What AI Gets Wrong (And Why That Is OK)

AI-generated

Learning Objectives
  • Understand hallucination and why AI makes things up
  • Recognize common failure modes: math, counting, recent events, niche topics
  • Know why verification matters even when AI sounds confident
  • Develop healthy skepticism without paranoia
  • Learn the "trust but verify" mindset that makes AI useful
Introduction

Here is an uncomfortable truth: AI is wrong more often than it sounds wrong.

That confident, articulate response that cites specific details? It might be completely fabricated. AI can and does:

  • Make up facts
  • Invent citations
  • Miscalculate numbers
  • Confidently state things that are verifiably false

This is not a bug to be fixed in the next version. It is a fundamental characteristic of how current AI works. Understanding this makes you better at using AI effectively.

Hallucination: When AI Invents Facts

AI hallucination = a model generates content that is false but presented as fact.

Types of Hallucinations

Fabricated citations:

  • AI invents books that do not exist
  • Papers that were never published
  • Quotes nobody ever said
  • Citations look real (plausible names, dates, titles) but are generated, not retrieved

Invented facts:

  • Specific statistics that sound precise but are made up
  • "Studies show that 67% of users prefer..." might be pure fabrication
  • The oddly specific percentage makes it sound researched

False confidence:

  • AI does not say "I'm not sure about this"
  • States hallucinated content with the same tone as accurate information

Why does this happen? AI generates text by predicting probable next words. When it does not "know" something, it does not stop. It generates plausible-sounding text that fits the pattern of what an answer should look like. The model optimizes for sounding good, not being accurate.

Hallucination Rates: Getting Better, But Not Solved

Good news: Hallucination rates have dropped significantly.

  • 4 major models now have sub-1% rates on standard benchmarks
  • Some models saw 60%+ drops in the past year

Bad news: Rates vary dramatically by task:

Task TypeHallucination Rate
General factual< 1% (top models)
Legal information~6% (best models)
Legal (all models)up to 18%
Specialized/technicalHigher risk

2025 researcher consensus: Aim for "calibrated uncertainty." Systems should know when they do not know and safely decline to answer. Until that is solved, your verification skills remain essential.

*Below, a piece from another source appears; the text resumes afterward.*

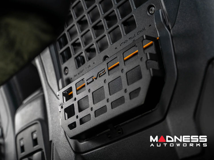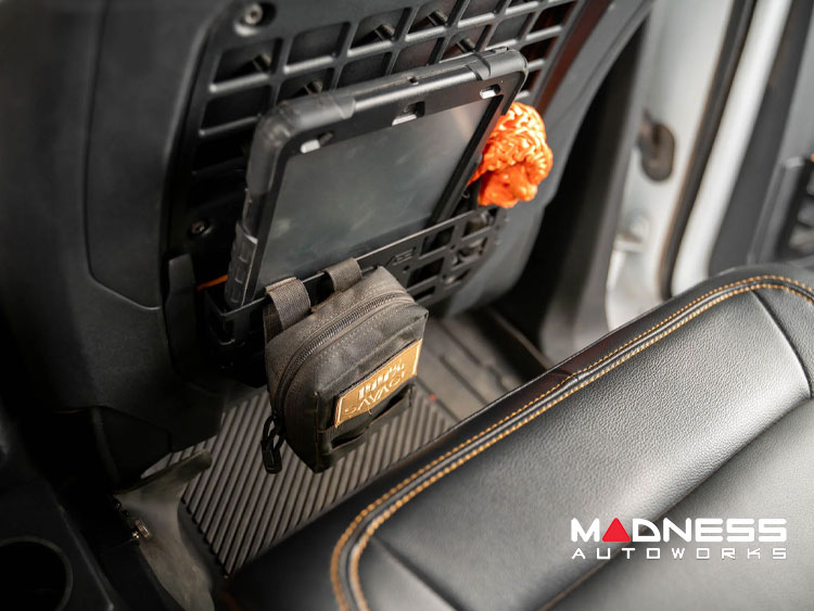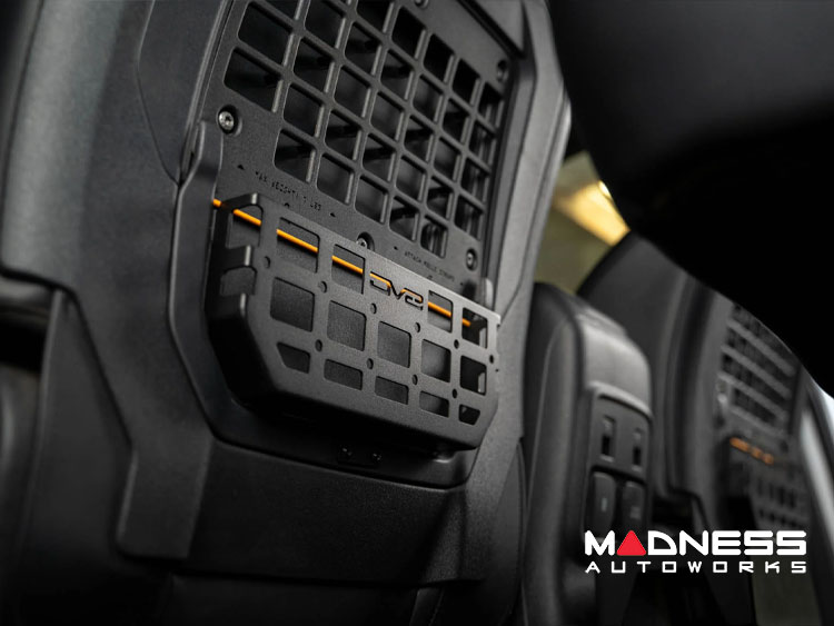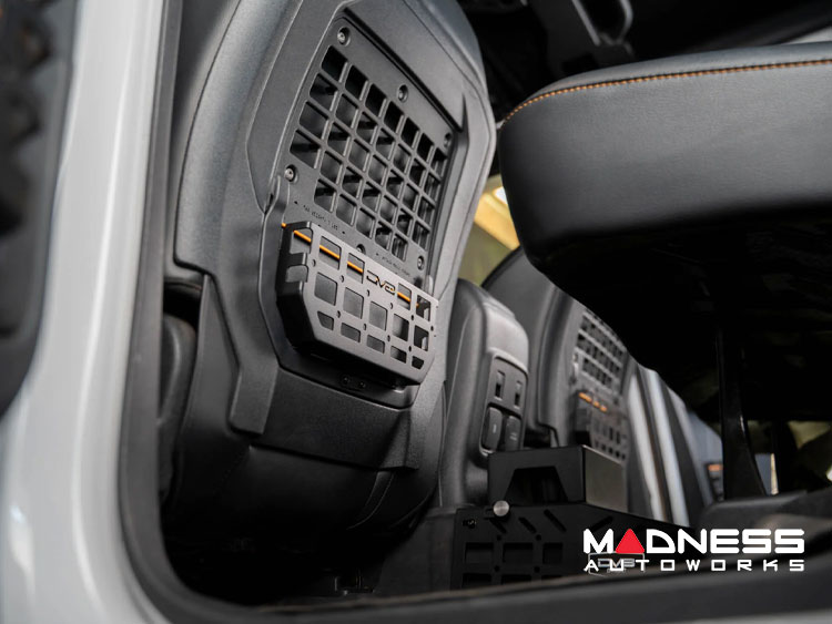 Upgrade your 6th Gen Ford Bronco's storage capacity with these specially designed Ford Bronco Molle Panels - Seat Back Pockets. Bid farewell to the inadequate factory netting and embrace the strength and functionality of rigid steel panels. These panels not only enhance storage capabilities but also add a rugged, tactical touch to your Bronco's interior. With their innovative Molle design, these seat back pockets offer multiple mounting points for a wide variety of accessories including pouches, med kits, multi-tools, knife sheaths, radios, and other essential gear needed for both off-road adventures and daily commutes.

Math and Logic: Surprisingly Unreliable

You might expect a computer to be good at math. AI is not.

Counting problems:

  • Ask AI how many r's in "strawberry"
  • It frequently gets it wrong (answer: 3)
  • AI sees tokens, not individual letters

Arithmetic errors:

  • Multi-step calculations often contain mistakes
  • AI might get the approach right but flub the actual computation

Logic puzzles:

  • Step-by-step reasoning can go awry
  • Model shortcuts to answers instead of working through each step

The workaround: For math that matters, verify independently. Use AI to explain the approach, but do calculations yourself or with a calculator.

Recent Events: The Knowledge Cutoff Wall

AI models have a knowledge cutoff: a date after which they have no training data.

What happens when you ask about events after the cutoff:

  1. Correct admission: "I do not have information about that"
  2. Hallucinated answer that sounds plausible but is false
  3. Outdated information presented as current

Some AI systems now have web search capabilities, which helps. But the core model's knowledge is still frozen.

Practical rule: For anything time-sensitive, treat AI responses as a starting point, not a final answer.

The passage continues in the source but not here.